Tra le esperienze raccontate figurano massaggi professionali in ufficio, manicure e pedicure durante l’orario di lavoro, medici aziendali, palestre interne con personal trainer, lezioni di yoga e meditazione, lavanderia e stireria per gli abiti durante la pandemia, ristoranti aziendali, sale giochi con PlayStation e biliardini, sale musica, budget dedicati alle vacanze, venerdì pomeriggio liberi per tutta l’estate e persino family day per coinvolgere le famiglie nella vita aziendale.

Più che singoli benefit, emerge un approccio orientato a migliorare concretamente l’esperienza dei dipendenti, dove salute, tempo libero, flessibilità e socialità diventano elementi sempre più centrali.

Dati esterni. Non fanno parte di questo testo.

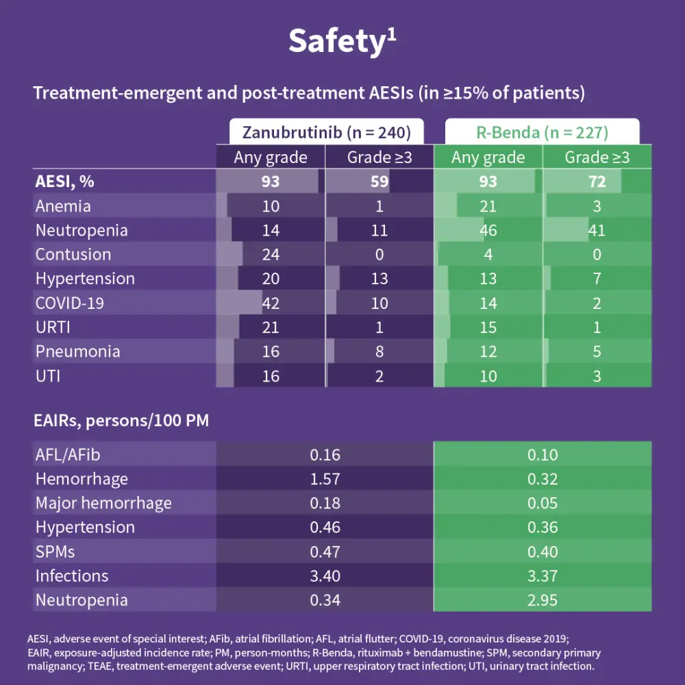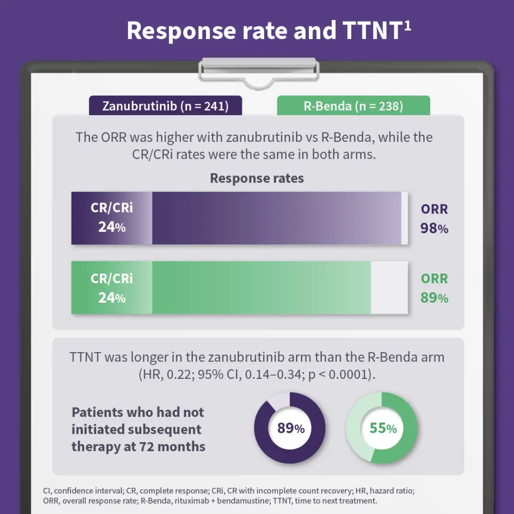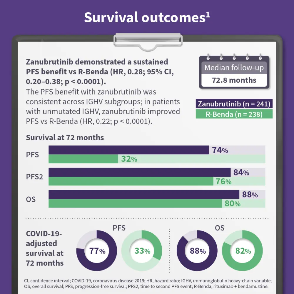 Results from arms A and B of the open-label, randomized phase III SEQUOIA trial previously demonstrated that zanubrutinib improved progression-free survival (PFS) vs rituximab + bendamustine (R-Benda) in patients with TN CLL/SLL without del(17p) at 26.2 months of follow-up.1 As previously covered on the Lymphoma Hub, 5-year PFS from arms A and B of this trial remained higher for zanubrutinib (75.8%) than R-Benda (40.1%).1 Now, the most recent data at 6 years of follow-up show that the PFS benefit of zanubrutinib (74%) vs R-Benda (32%) was sustained.1

“Queste testimonianze dimostrano come le aspettative delle persone nei confronti dei benefit aziendali stiano evolvendo. Non è l’originalità del benefit a fare davvero la differenza, ma la sua capacità di rispondere ai bisogni concreti dei lavoratori. Salute, tempo, flessibilità e qualità della vita sono oggi le leve su cui le aziende possono costruire ambienti di lavoro più attrattivi e inclusivi, capaci di generare valore sia per le persone sia per l’organizzazione“, commenta Andrea Guffanti, General Manager di Coverflex Italia.

Che si tratti di una lezione di yoga, di un venerdì pomeriggio libero o, più semplicemente, di un benefit che aiuta davvero a conciliare vita privata e lavoro, il messaggio che emerge dall’Osservatorio Coverflex è chiaro: oggi i benefit aziendali non rappresentano più un semplice extra rispetto alla retribuzione, ma una leva sempre più strategica per attrarre, motivare e fidelizzare i talenti.